Introduction
AI agents represent the next evolution of LLM applications. Rather than simply generating text in response to a prompt, an agent can reason, plan, and take actions by invoking external tools — search the web, query a database, call an API, or execute code — all in an autonomous loop until a task is completed.
LangChain has become the de facto framework for building these agents in Python. With the release of LangChain v0.2+ and the maturation of its tool-calling abstractions, building production-grade AI agents is more accessible than ever. This guide walks you through the core patterns, real code examples, and deployment considerations for building agents with LangChain in 2025–2026.
Whether you are creating a customer support bot that can look up orders, a research assistant that can browse and summarize documents, or an autonomous coding agent, the patterns in this guide will serve as your foundation.
What Is an AI Agent?
An AI agent is an LLM-powered system that follows a reasoning-action loop. Unlike a simple chain (prompt → LLM → output), an agent:
- Observes the current context (user query, conversation history, previous tool results)
- Reasons about what to do next
- Acts by selecting and calling a tool with specific inputs
- Observes the tool result and decides whether to act again or return a final answer
This loop — often called the ReAct pattern (Reason + Act) — is the core of most agent architectures. The LLM serves as the reasoning engine, while tools provide the capabilities to interact with the outside world.
- An agent is not just an LLM. It is an LLM + tools + a loop. The quality of your agent depends on all three: the model’s reasoning ability, the design of your tools, and the orchestration logic that ties them together.
LangChain Agent Architecture Overview
LangChain provides several approaches to building agents. The ecosystem has evolved significantly, so understanding which API to use is critical:
| Approach | Status | Best For | Key Feature |
|---|---|---|---|
AgentExecutor |
Legacy (still works) | Simple, single-agent use cases | Quick setup, minimal boilerplate |
create_react_agent |
Current (LangChain) | Standard ReAct agents | Works with tool-calling LLMs |
create_tool_calling_agent |
Current (LangChain) | Models with native tool calling | Uses model’s built-in function calling |
| LangGraph | Recommended for production | Complex, stateful, multi-agent systems | Full control over agent loop, persistence, human-in-the-loop |
For new projects, LangChain Inc. recommends LangGraph for production agents because it gives you explicit control over the agent loop, supports streaming, persistence, and multi-agent patterns. However, understanding the LangChain-level abstractions (create_react_agent, create_tool_calling_agent) is essential, as they form the building blocks used inside LangGraph nodes.
Setting Up Your Environment
Before building agents, install the required packages:
# Install core packages
pip install langchain langchain-openai langchain-community langgraph
# For additional tool integrations
pip install langchain-experimental duckduckgo-search wikipedia
Set your API keys as environment variables:
import os
os.environ["OPENAI_API_KEY"] = "sk-..."
# Or use dotenv
from dotenv import load_dotenv
load_dotenv()
Building Your First Agent with Tool Calling
Modern LLMs like GPT-4, Claude, and Gemini support native tool calling (also called function calling).

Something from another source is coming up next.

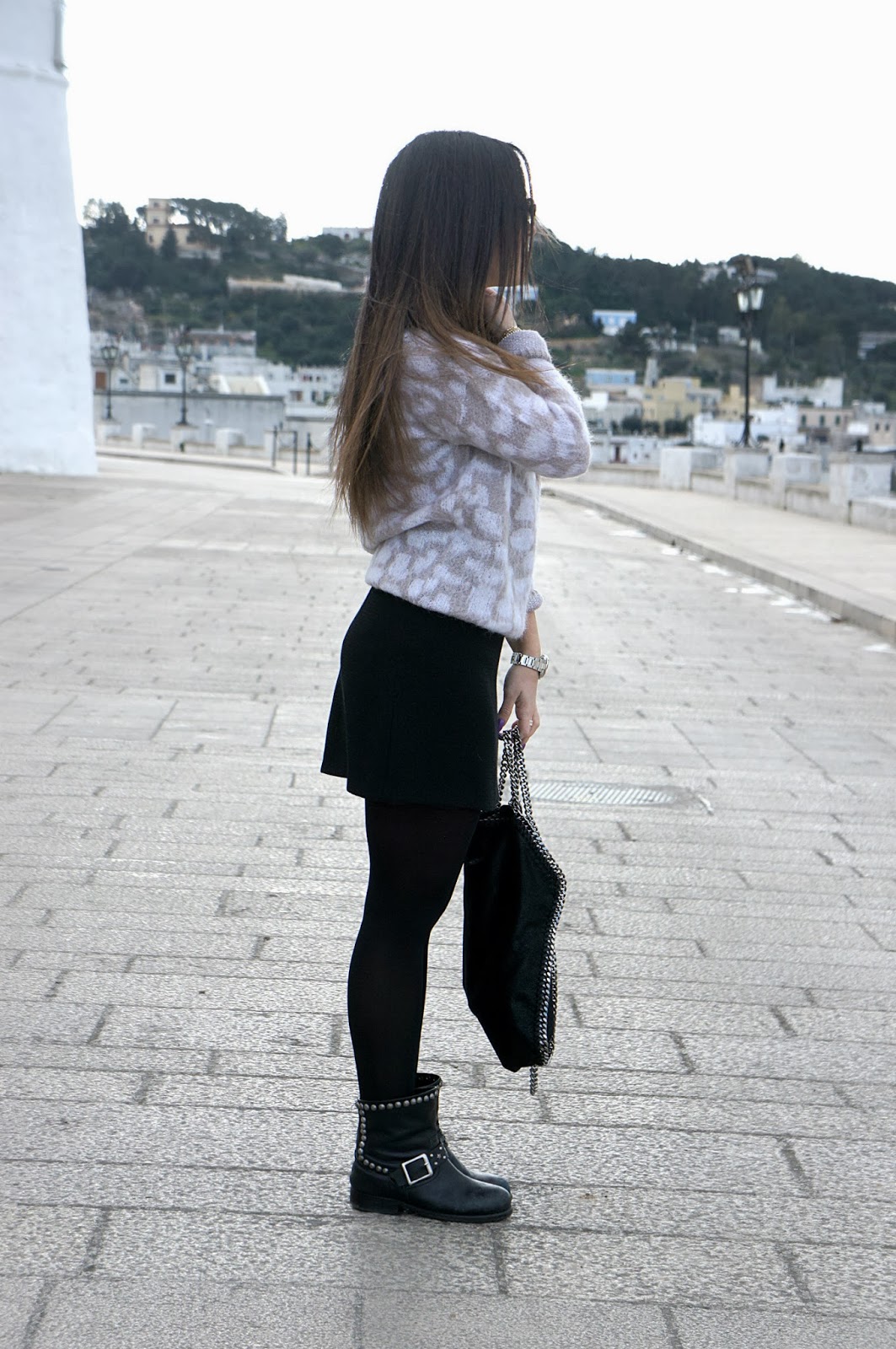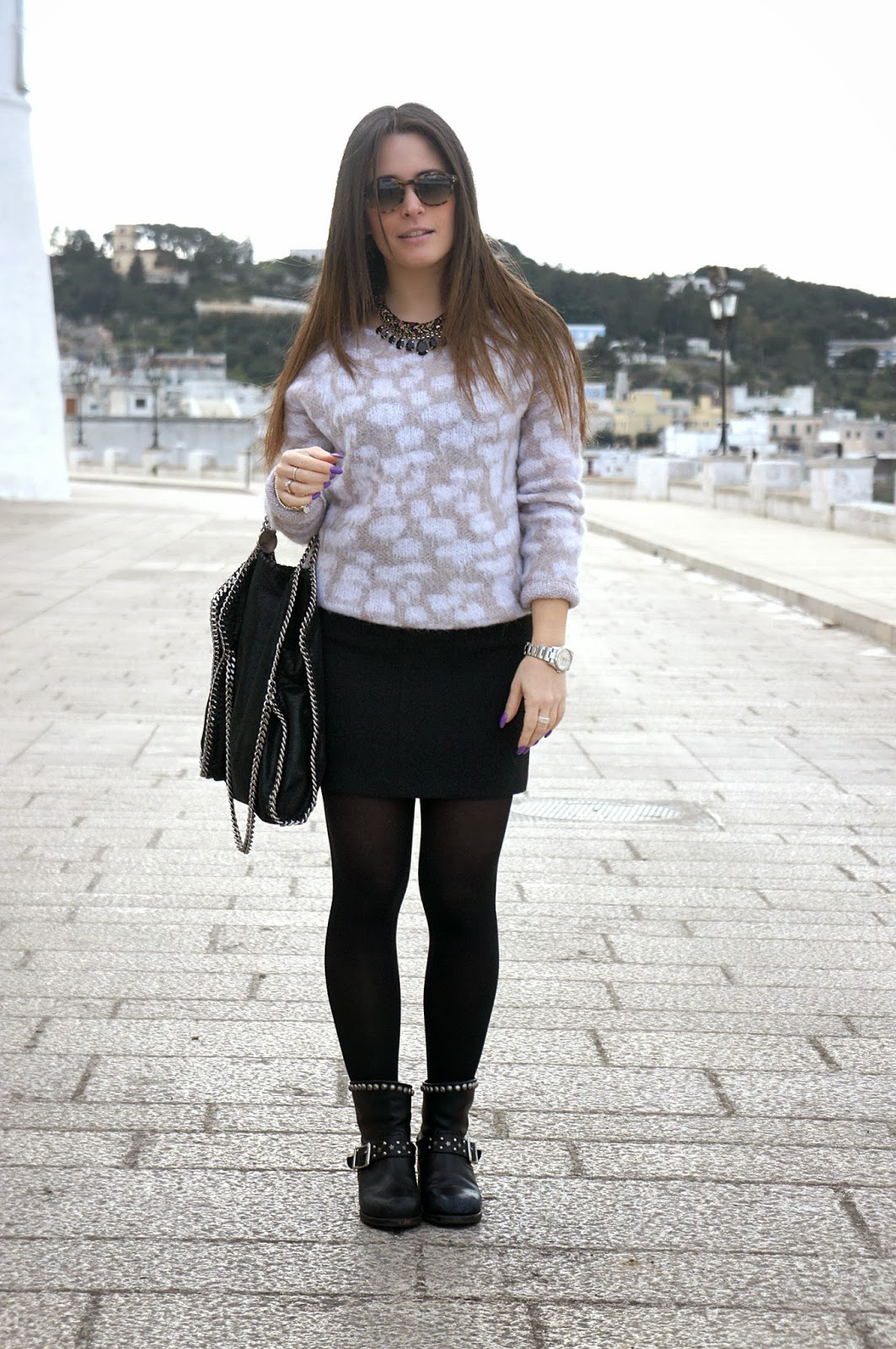 Hello and Happy Sunday to all. Last weekend, as many of you know, I was in the Veneto region at home of my relatives. have been four beautiful days, full of entertainment and shopping and above all a great opportunity to spend time with my cousin that I love and which I have not the chance to see often. Finally today and in the coming days that will be, I will publish the outfits worn during the day and various other photos. The first day to welcome us was the rain, so much so that I quickly abandoned the idea of being able to take some pictures, but fortunately the other three days the sun came out and the time for two shots is certainly not missed (In fact, the next photos will be outdoors). When traveling, I think the first thing one has to think is to be comfortable as much as possible, which is why I chose my Mr.Wolf biker boots of which I own various colors, a black skirt simple but elegant cut, and a So Allure sweater never worn before, and that I knew I would have warmed in those very cold nights. I go there every year, has become a habit, as well as my shopping trip by Sorelle Ramonda, a mega store, chock full of thousands of brand and of which there is to lose your head.

Instead of relying on text-based prompts to coerce the LLM into outputting tool invocations in a specific format, the model has been fine-tuned to output structured tool calls natively. LangChain’s create_tool_calling_agent leverages this capability.
Step 1: Define Your Tools
Tools are the capabilities your agent can use. LangChain provides the @tool decorator to turn any Python function into a tool:
from langchain_core.tools import tool
from typing import Optional
@tool
def search_knowledge_base(query: str) -> str:
"""Search the internal knowledge base for information about products and policies.
Args:
query: The search query to look up in the knowledge base.
"""
knowledge = {
"return policy": "Items can be returned within 30 days with receipt.",
"shipping": "Free shipping on orders over $50. Standard delivery 3-5 days.",
"warranty": "All electronics come with a 1-year manufacturer warranty.",
}
for key, value in knowledge.items():
if key in query.lower():
return value
return "No relevant information found for that query."
@tool
def get_order_status(order_id: str) -> str:
"""Look up the current status of a customer order.
Args:
order_id: The unique order identifier (e.g., ORD-12345).
"""
orders = {
"ORD-12345": "Shipped - Expected delivery March 12, 2026",
"ORD-67890": "Processing - Will ship within 24 hours",
}
return orders.get(order_id, f"Order {order_id} not found.")
@tool
def calculate_discount(price: float, discount_percent: float) -> str:
"""Calculate the discounted price for a product.
Args:
price: The original price of the product.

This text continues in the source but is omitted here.